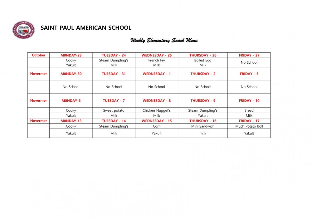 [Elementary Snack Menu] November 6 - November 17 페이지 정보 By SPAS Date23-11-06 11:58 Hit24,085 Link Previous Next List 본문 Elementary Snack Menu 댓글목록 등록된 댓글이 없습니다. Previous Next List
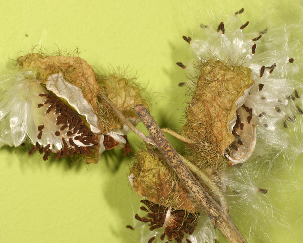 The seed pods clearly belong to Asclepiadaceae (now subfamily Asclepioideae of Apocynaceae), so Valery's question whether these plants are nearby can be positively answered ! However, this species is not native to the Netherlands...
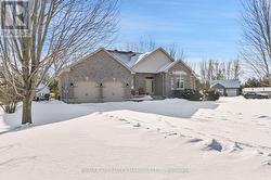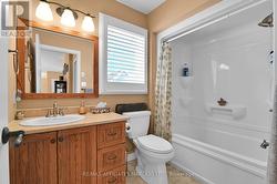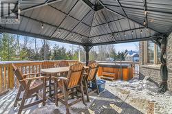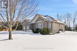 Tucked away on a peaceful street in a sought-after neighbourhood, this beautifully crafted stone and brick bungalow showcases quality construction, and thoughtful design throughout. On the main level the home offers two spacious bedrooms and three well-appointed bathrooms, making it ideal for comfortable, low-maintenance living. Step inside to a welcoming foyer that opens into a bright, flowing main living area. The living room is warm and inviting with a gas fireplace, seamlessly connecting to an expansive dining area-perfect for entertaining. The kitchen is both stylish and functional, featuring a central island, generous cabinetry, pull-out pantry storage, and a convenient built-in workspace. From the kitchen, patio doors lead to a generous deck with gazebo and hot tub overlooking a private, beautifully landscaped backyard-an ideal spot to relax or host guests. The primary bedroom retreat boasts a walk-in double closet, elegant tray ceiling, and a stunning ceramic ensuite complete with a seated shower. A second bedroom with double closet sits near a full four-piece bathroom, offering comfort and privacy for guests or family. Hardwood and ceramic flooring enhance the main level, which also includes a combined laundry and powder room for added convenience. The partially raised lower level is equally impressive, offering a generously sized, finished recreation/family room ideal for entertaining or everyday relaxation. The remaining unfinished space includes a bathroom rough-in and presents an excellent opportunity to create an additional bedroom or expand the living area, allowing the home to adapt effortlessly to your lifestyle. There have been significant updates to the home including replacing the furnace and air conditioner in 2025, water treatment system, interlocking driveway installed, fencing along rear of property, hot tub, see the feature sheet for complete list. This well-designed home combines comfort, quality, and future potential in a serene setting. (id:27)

==

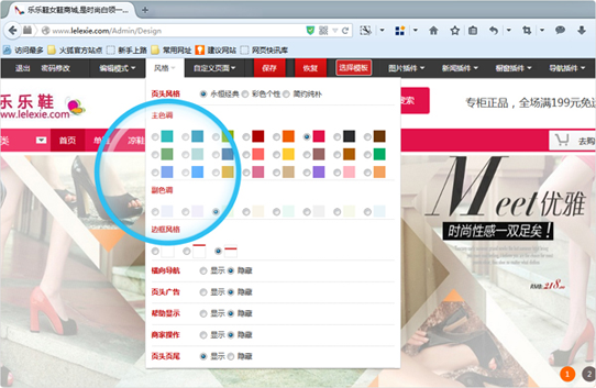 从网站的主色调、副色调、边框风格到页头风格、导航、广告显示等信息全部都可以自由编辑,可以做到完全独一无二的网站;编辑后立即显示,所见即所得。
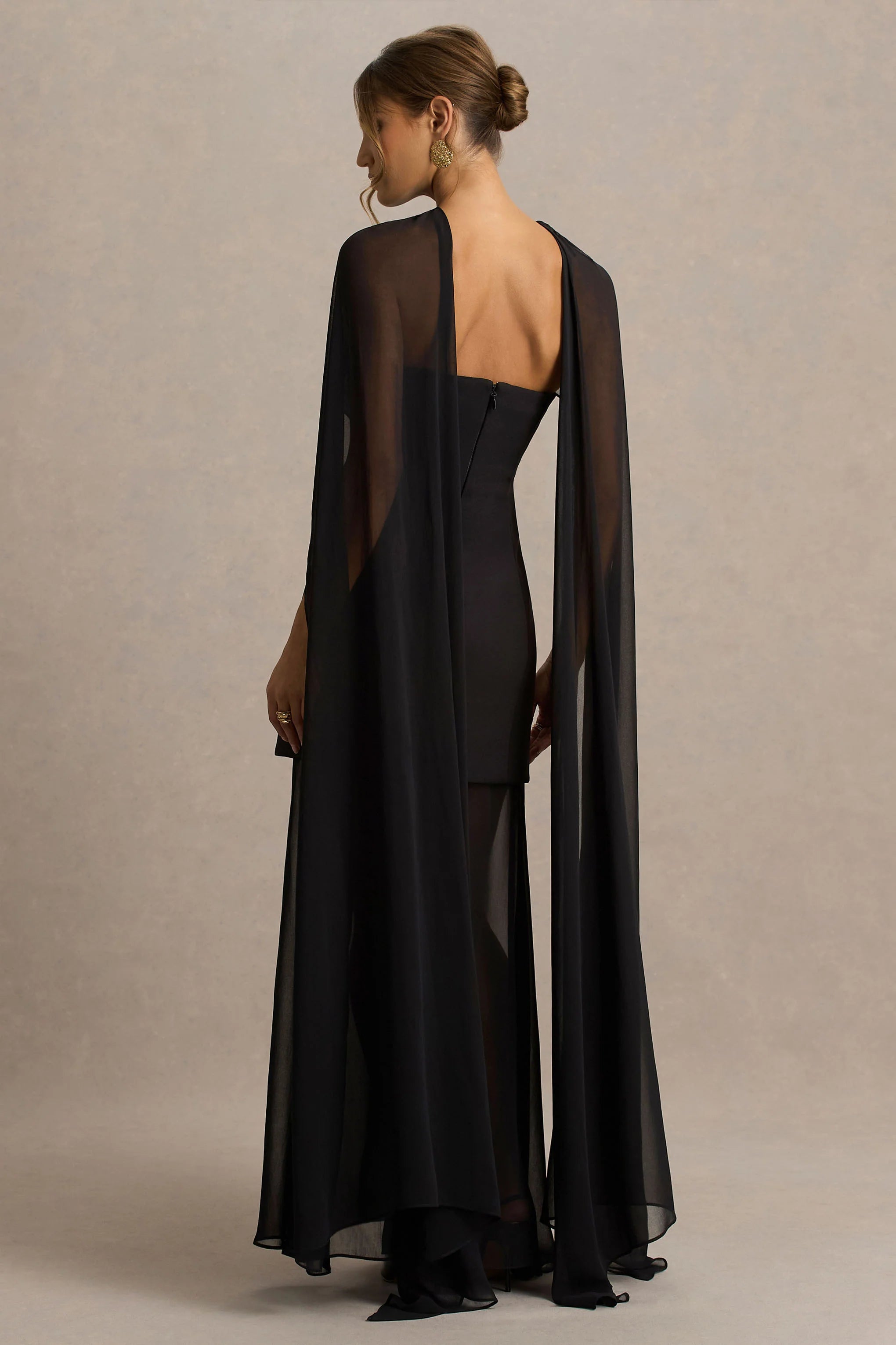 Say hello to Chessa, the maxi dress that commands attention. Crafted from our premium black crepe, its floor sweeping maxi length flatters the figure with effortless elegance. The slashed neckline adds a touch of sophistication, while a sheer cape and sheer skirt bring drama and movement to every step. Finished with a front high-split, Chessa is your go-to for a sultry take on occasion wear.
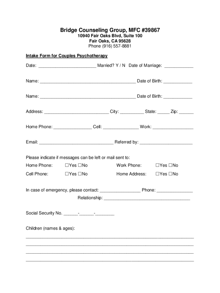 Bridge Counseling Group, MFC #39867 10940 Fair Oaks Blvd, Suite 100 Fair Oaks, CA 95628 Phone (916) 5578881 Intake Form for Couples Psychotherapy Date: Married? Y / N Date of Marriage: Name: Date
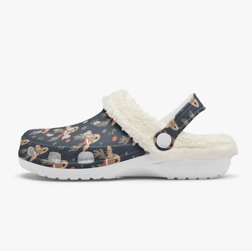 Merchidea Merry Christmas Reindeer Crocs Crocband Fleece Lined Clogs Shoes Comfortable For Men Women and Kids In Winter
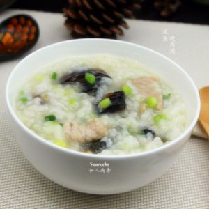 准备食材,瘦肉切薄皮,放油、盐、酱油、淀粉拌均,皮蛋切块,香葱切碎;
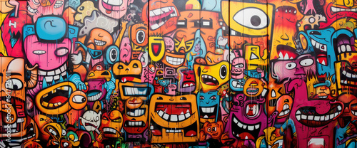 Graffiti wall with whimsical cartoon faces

---

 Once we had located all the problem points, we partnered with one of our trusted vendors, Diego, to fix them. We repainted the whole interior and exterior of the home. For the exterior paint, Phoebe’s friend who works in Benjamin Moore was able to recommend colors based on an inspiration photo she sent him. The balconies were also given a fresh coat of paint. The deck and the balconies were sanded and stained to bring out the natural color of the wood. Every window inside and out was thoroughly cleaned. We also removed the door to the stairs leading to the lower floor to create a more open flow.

◆ ACTION ITEM ◆
Above, find the line with "准备食材,瘦肉切薄皮,放油、盐、酱油、淀粉拌均,皮蛋切块,香葱切碎;"; copy it and every line down to the line with "Graffiti wall with whimsical cartoon faces", exactly and both included, but no pictures.

◆ ANSWER FOR THE TASK ◆
 准备食材,瘦肉切薄皮,放油、盐、酱油、淀粉拌均,皮蛋切块,香葱切碎;
 Graffiti wall with whimsical cartoon faces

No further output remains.